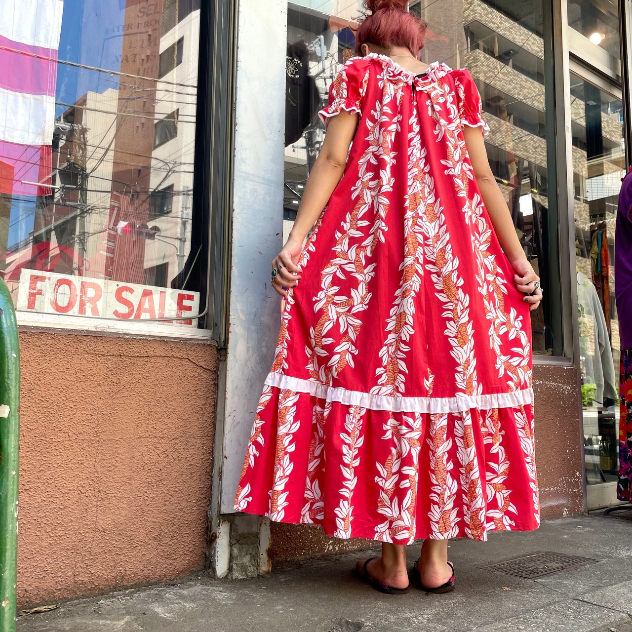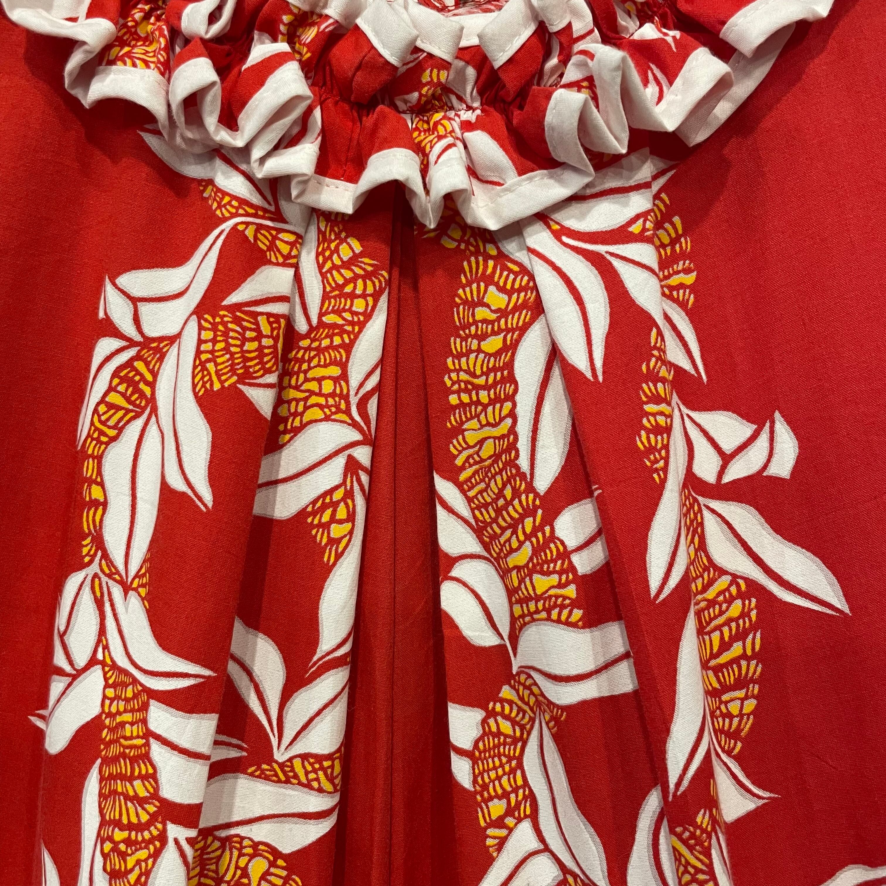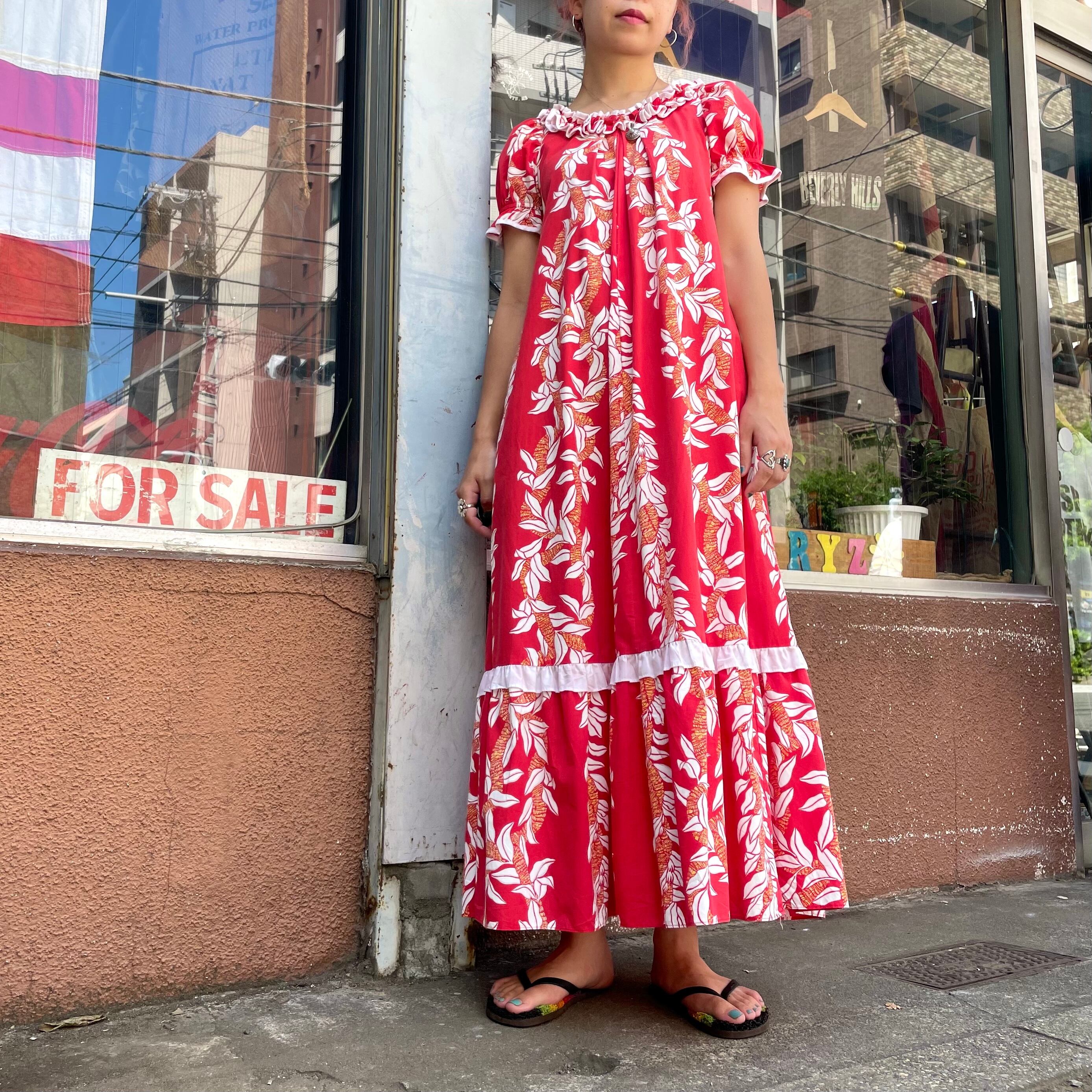 襟ぐりや袖口、裾切り替え部分がフリルになっていてとてもかわいいデザインです。
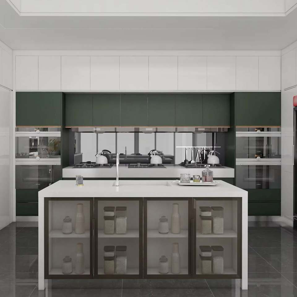 Isla de Cocina Modular Personalizada de Estilo Moderno con Acabado Brillante, Tablero de Melamina y Madera Contrachapada, Fregadero de Acero Inoxidable para Muebles de Hogar y Apartamentos
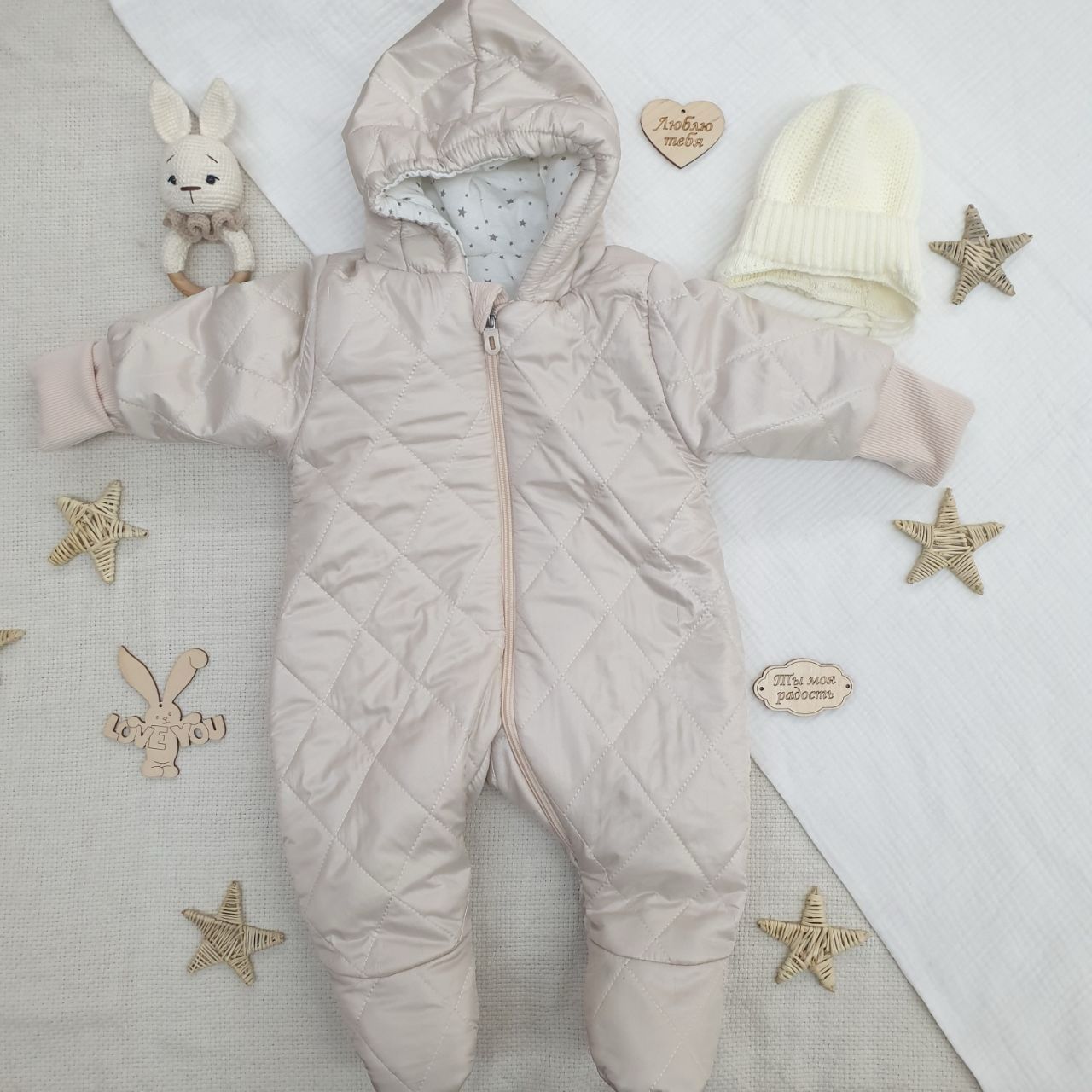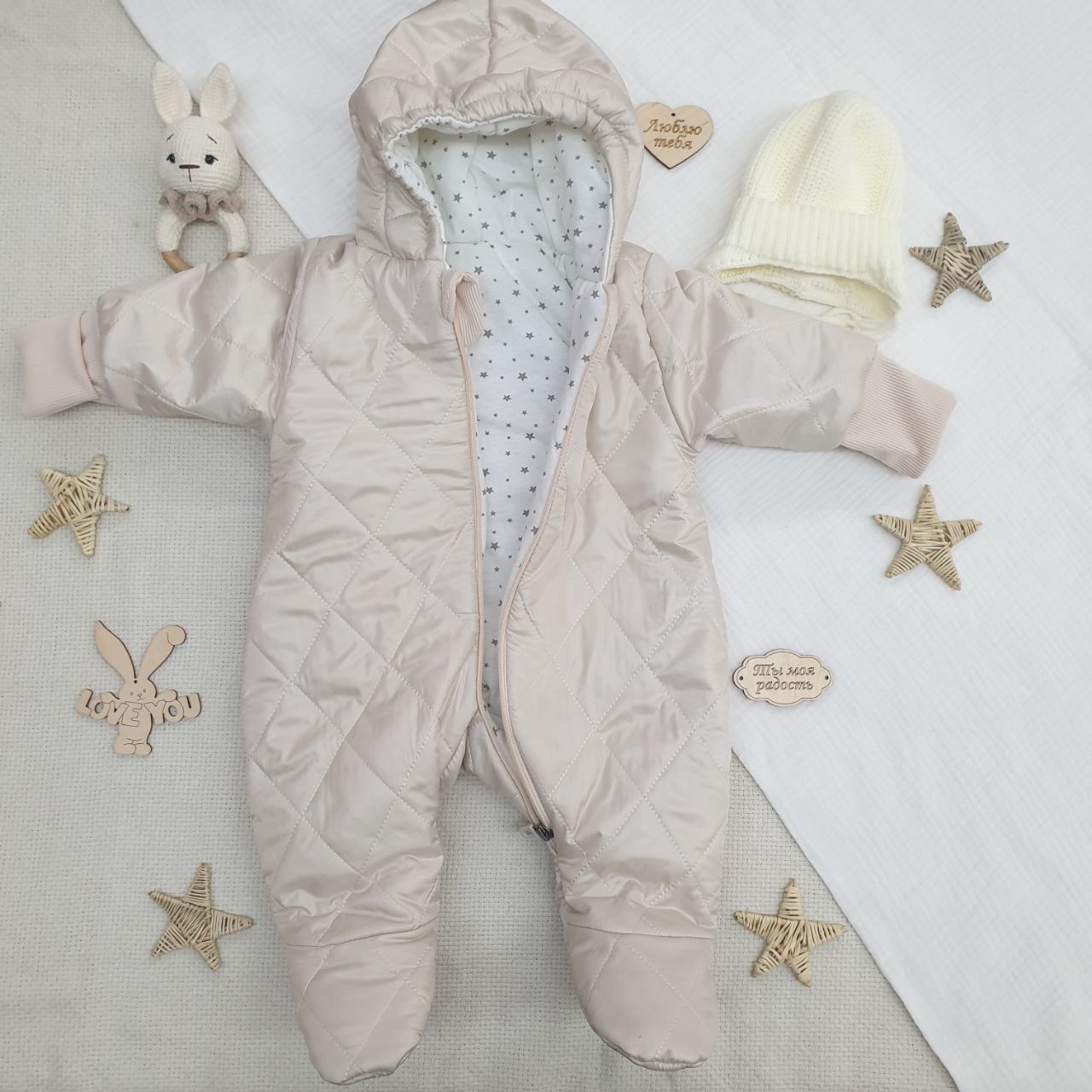 11-415 Комбинезон детский, светло бежевого оттенка. Теплый, стеганый комбинезон до -10 градусов, подойдет для осени и весны.
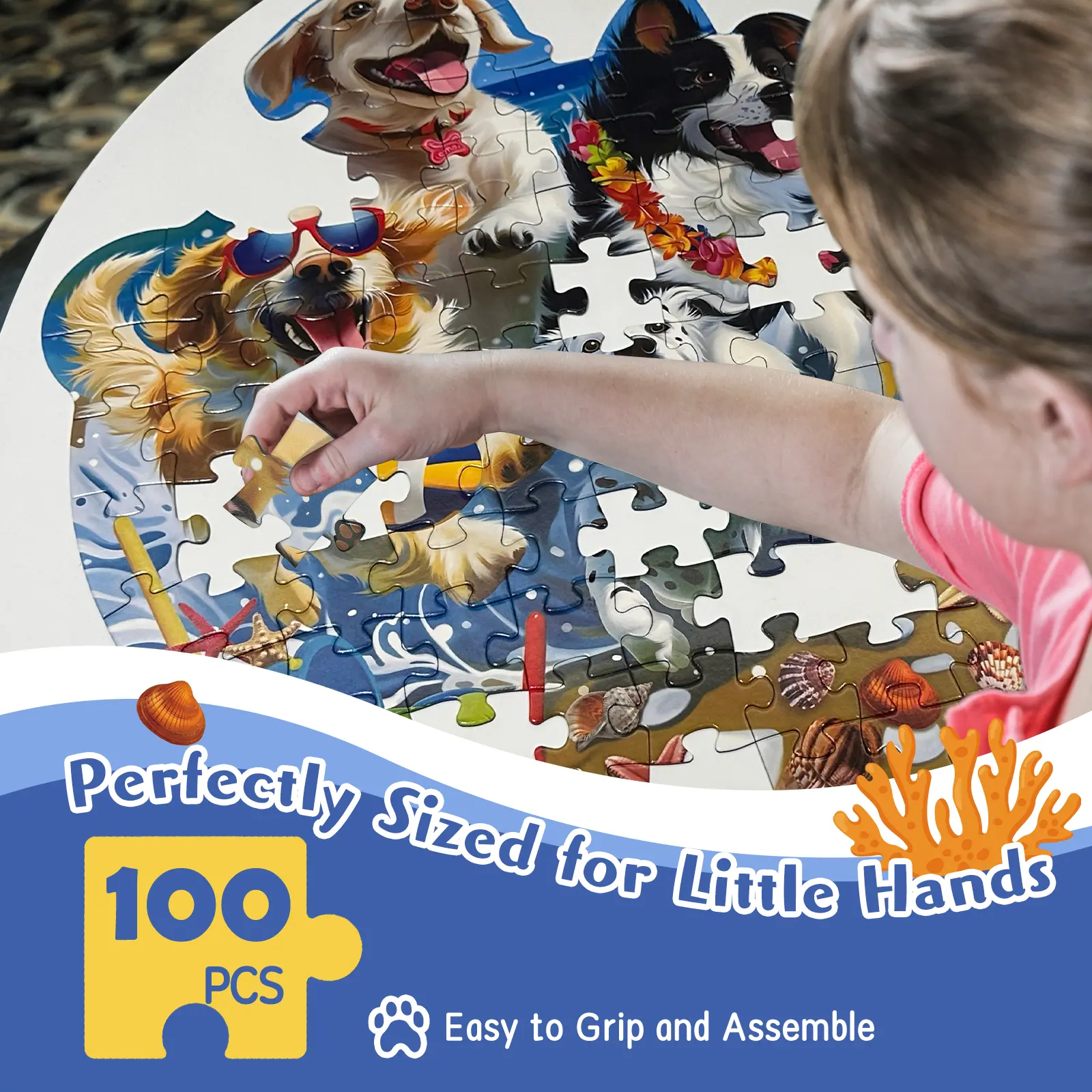 [Magic Toy] Animal Puzzle for Kids, 100-piece round puppy floor puzzle, Perfect Gift for Boys and girls aged 3+
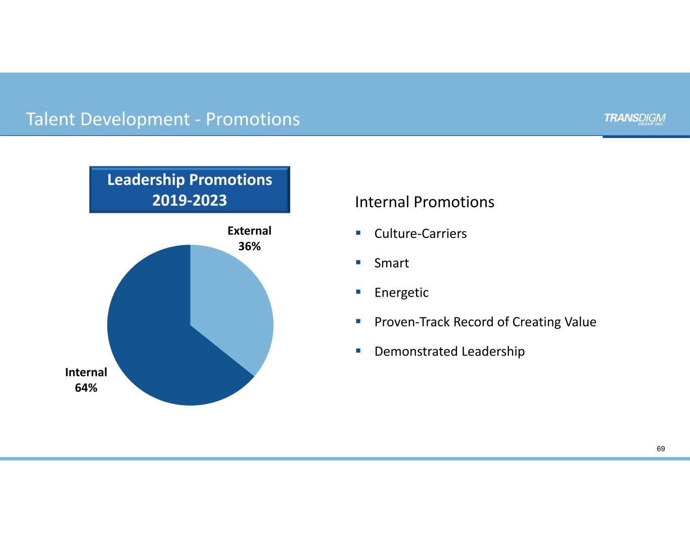 Leadership Promotions  2019‐2023 Internal 64% External 36% Internal Promotions  Culture‐Carriers  Smart  Energetic  Proven‐Track Record of Creating Value  Demonstrated Leadership 69 Talent Development ‐ Promotions
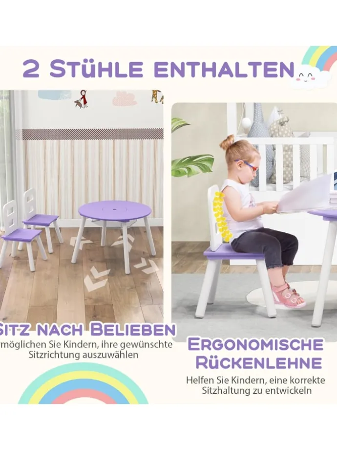 Komplettes Set aus Tisch und 2 Stühlen ist ein ideales Geschenk für Kinder
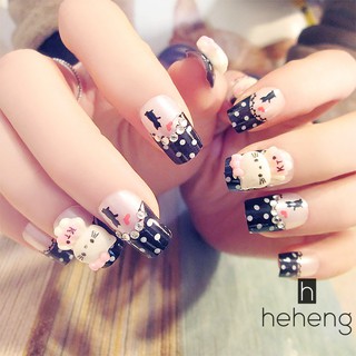 Ready 24pcslot Cat Design Faux Ongles Black Cute Fake Short Size Press On Nail Art Tips
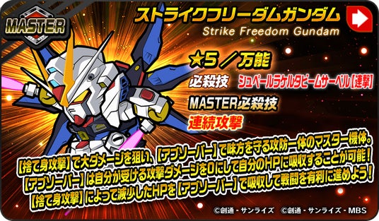リリース3,000日突破を記念して、新コンセプト「マスターMS」が登場します。「マスターMS」は専用のマスター必殺技を所有しています。バトル中に条件を満たせば、マスター必殺技は複数回の発動が可能です。さらに、ユニットの編成条件を満たすと発動時にカットイン演出が入り機体性能がアップします。初登場となる「マスターMS」は「★5/万能 ストライクフリーダムガンダム」で、ガシャイベント「リリース3,000日突破記念!MMSガシャフェスティバル」から入手可能です。
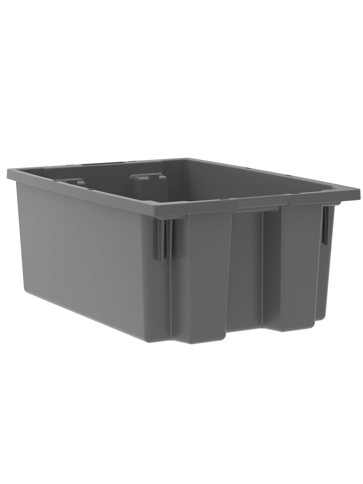 Heavy-duty construction provides a superior service life resulting in lower replacement costs than “budget-priced” totes. Smooth surfaces are easy to clean and are resistant to most solvents and chemicals. Available optional lids protect contents from dust and damage. Stackable with or without lids for shipping. When empty and without lids, totes nest for space saving storage. Available in Red, Blue, or Gray. Gray totes manufactured from FDA-approved materials. FOB Shipping Point.
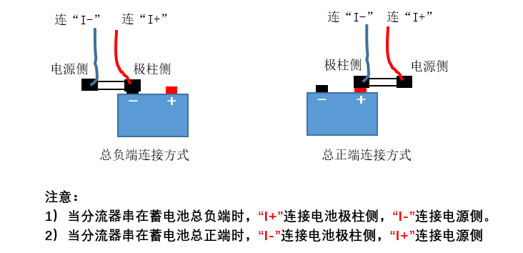 1. 當分流器串在蓄電池總負端時,“I+”連接電池極柱側(cè),“I-”連接電源側(cè)。 2. 當分流器串在蓄電池總正端時,“I-”連接電池極柱側(cè),“I+”連接電源側(cè)。 |
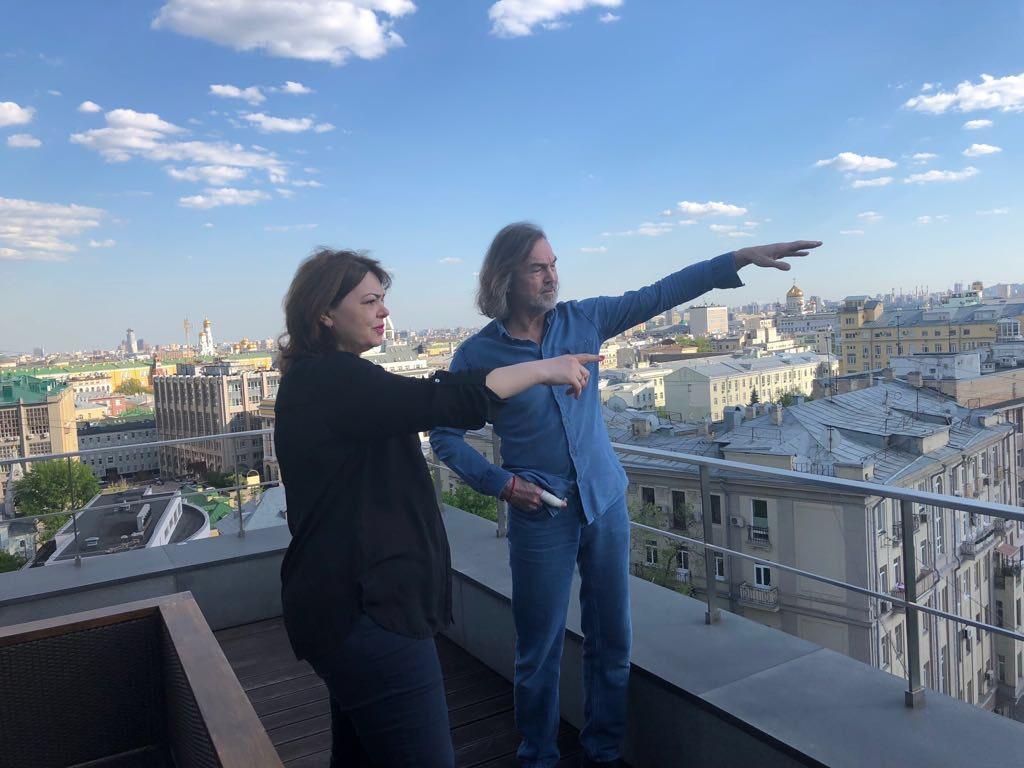 - Kremli tanıyırsan, Azərbaycan böyük elçiliyini də. Bura da Ukrayna böyük elçiliyidir. Yeri gəlmişkən, mən Ukraynanın vurğunuyam. Aşağıdakı Müslüm Maqomayevin heykəlidir. Sağa bax – Moskvanın ən gözəl tikililərindən biri - Ukrayna-Radisson Hotelinin binasıdır. Uzaqda səmanı dələn də Moskva Dövlət Universitetinin binasıdır. Mərkəz olsa da, həyət çox sakitdir. İşləmək üçün əla yerdir. Həm mənzərə var, həm sakitlik. Bu, Moskvanın qədim kilsələrindədir. Burada dayanıb həm də ibadət edirəm.
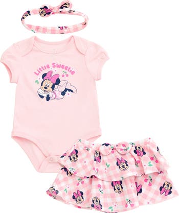 Dress your little one in this adorable Minnie Mouse outfit and get ready for a day filled with Disney magic! This comfy short sleeve creeper and skirt set comes with a matching knotted headband and features an easy-to-dress design, stylish ruffles, and a cute pink gingham print with vibrant artwork of Minnie Mouse, flowers, and cherries! Made of a soft material that keeps your baby comfortable, this fashionable Disney set is perfect for all-day adventure and play!
━━━━━━━━
Repeat, with no pictures, each line from the beginning of the data through the line containing "11-415 Комбинезон детский, светло", inclusive.

EXERCISE OUTPUT |
 襟ぐりや袖口、裾切り替え部分がフリルになっていてとてもかわいいデザインです。
 Isla de Cocina Modular Personalizada de Estilo Moderno con Acabado Brillante, Tablero de Melamina y Madera Contrachapada, Fregadero de Acero Inoxidable para Muebles de Hogar y Apartamentos
 11-415 Комбинезон детский, светло бежевого оттенка. Теплый, стеганый комбинезон до -10 градусов, подойдет для осени и весны.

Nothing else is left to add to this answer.